Urea dust scrubbing system with WESP

EMISSIONS CONTROL

Urea dust scrubbing system with WESP

TOYO has recently introduced new proprietary urea technologies to its technology portfolio including a novel dust scrubbing system with integrated wet electrostatic precipitator (WESP) for ultimate clean-up of granulation or prilling exhaust air, to achieve urea dust emissions of less than 5 mg/Nm3 . Takuhiro Minato of Toyo Engineering Corporation explains how the new system works.

Toyo Engineering Corporation (TOYO), a global leading engineering contractor and urea process licensor, has developed water scrubbing technologies for urea plants with high efficiency (<30 mg urea/Nm3 ) and low pressure loss, focusing on the characteristics of urea dust, which dissolves well in water. Since the 1960s more than 50 scrubbing units have been installed for urea plants. However, to meet recent stricter requirements for urea dust, the development of new technologies is required. Emission regulations vary depending on plant site, and currently 5 mg/Nm3 is the most stringent value. TOYO has focused on WESP as a technology that complies with stricter environmental regulations, and can collect very fine particles with high efficiency and low pressure loss. To explore the feasibility of utilising WESP technology, TOYO carried out pilot plant tests, in cooperation with Petro Vietnam Ca Mau Fertilizer Jointstock Company (PVCFC) and AWS Corporation Srl (AWS), using actual exhaust gas from a granulation plant.

Fig. 1: WESP principle of operation

The WESP consists of discharge electrodes and collecting tubes. By applying a high voltage to the discharge electrodes, a potential difference is generated between the discharge electrodes and the collecting surface. Electrons are emitted from the discharge electrodes by corona discharge. The electrons emitted by the corona discharge charge the target fine particles in the gas stream, and the charged particles are separated from the gas stream by adhering to the collecting surface by Coulomb force. Since dust collection performance deteriorates when target particles adhere to collecting tubes and discharge electrodes, periodic washing is necessary. Fig. 1 shows the WESP principle of operation with a collecting tube, which is widely used in WESP. Discharge electrodes are arranged at the centre of the collecting tubes. The equation that represents the WESP dust collection efficiency is known as the Deutsch equation and is expressed as follows.
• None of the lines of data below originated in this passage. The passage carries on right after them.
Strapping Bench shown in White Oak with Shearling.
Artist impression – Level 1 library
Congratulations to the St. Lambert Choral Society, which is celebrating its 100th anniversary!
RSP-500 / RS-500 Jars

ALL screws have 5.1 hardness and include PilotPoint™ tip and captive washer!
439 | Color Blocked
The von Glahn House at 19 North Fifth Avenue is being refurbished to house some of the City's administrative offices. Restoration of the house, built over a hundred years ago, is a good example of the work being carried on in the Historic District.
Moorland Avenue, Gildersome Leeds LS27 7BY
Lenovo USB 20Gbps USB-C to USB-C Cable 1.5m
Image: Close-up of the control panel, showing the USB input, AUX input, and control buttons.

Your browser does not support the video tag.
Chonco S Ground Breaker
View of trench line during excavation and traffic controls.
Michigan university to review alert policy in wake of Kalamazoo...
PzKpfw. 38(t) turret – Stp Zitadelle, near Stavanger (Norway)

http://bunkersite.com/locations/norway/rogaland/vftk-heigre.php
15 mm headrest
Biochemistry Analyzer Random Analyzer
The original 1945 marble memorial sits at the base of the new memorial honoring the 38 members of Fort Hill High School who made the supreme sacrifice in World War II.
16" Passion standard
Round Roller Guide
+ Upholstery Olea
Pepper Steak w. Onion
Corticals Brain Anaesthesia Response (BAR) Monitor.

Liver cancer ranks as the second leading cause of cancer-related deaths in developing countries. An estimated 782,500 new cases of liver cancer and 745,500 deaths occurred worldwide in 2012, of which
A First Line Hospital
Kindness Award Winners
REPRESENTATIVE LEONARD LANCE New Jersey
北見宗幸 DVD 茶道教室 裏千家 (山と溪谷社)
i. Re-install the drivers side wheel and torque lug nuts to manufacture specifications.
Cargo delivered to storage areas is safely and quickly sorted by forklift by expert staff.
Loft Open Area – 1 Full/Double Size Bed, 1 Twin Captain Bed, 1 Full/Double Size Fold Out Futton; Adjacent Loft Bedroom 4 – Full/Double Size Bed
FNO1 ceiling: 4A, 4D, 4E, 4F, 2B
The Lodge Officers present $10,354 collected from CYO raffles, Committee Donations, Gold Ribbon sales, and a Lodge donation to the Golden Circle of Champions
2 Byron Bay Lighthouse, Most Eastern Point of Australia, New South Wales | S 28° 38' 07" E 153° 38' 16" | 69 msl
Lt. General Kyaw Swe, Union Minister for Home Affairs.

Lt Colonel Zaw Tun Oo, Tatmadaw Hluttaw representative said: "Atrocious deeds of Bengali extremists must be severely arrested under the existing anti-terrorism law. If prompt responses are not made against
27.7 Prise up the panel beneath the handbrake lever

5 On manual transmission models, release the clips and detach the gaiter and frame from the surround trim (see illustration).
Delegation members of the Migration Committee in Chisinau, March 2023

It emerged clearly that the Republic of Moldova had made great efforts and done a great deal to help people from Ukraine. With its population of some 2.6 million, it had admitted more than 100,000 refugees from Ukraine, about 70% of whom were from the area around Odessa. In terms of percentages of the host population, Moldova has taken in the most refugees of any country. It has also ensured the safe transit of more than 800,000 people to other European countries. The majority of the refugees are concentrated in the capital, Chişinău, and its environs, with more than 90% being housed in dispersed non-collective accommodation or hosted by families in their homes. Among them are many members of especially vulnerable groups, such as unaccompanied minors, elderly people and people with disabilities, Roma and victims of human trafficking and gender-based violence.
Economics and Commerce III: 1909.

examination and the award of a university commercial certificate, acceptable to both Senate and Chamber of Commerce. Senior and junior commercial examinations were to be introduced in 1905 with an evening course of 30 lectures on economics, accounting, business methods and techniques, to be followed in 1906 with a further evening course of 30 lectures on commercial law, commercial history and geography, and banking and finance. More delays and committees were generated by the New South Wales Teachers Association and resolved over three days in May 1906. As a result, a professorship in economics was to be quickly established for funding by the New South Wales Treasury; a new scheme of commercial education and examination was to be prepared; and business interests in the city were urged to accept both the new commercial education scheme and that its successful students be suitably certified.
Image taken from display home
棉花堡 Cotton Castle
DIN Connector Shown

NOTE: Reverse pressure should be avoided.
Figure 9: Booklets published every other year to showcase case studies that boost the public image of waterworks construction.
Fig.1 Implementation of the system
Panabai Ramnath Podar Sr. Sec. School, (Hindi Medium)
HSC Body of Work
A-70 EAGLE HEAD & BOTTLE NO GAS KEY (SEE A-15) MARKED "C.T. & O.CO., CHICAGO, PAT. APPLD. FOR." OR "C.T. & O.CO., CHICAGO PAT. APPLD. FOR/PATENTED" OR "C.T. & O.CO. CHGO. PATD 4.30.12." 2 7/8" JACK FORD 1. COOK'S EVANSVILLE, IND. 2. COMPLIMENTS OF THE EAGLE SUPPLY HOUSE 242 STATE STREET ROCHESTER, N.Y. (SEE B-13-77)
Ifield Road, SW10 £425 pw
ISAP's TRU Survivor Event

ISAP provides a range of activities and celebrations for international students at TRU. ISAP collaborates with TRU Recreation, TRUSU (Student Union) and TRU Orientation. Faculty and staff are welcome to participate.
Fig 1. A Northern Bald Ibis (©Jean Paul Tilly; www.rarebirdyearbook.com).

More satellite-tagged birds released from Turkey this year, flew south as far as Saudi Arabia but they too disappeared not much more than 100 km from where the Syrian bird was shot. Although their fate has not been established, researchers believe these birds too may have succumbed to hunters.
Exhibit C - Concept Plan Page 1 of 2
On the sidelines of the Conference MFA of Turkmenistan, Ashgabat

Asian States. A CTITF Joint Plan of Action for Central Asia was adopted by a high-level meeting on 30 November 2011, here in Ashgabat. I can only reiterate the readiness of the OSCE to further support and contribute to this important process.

where η = dust collection efficiency, which is represented as η = (Cin -Cout )/Cin , where

Cin = inlet dust concentration (mg/Nm3 ) and

Cout = outlet dust concentration (mg/Nm3 )

A = dust collecting surface (m2 )

Q = gas flow rate (m3 /s)

ω = migration velocity (m/s), which is the velocity at which target particles move toward collecting tubes and is an important parameter in the sizing of a WESP system.

Fig. 2: Schematic flow of pilot plant

Fig. 3: Side view of pilot plant

PHOTO: TOYO

Pilot plant test

Figs. 2 and 3 show the schematic flow and the side view of the pilot plant, respectively. The pilot plant consists of a scrubber, an induced-draft fan (ID fan) and the AWS WESP unit. The gas containing urea dust from the granulator was first introduced to the scrubber section of the pilot plant, where the urea dust concentration was adjusted to desired levels before being introduced to the WESP, where the remaining fine urea dust and mist were removed. The cleaned waste gas from the WESP was drawn by the ID fan, and then discharged to the atmosphere via a stack.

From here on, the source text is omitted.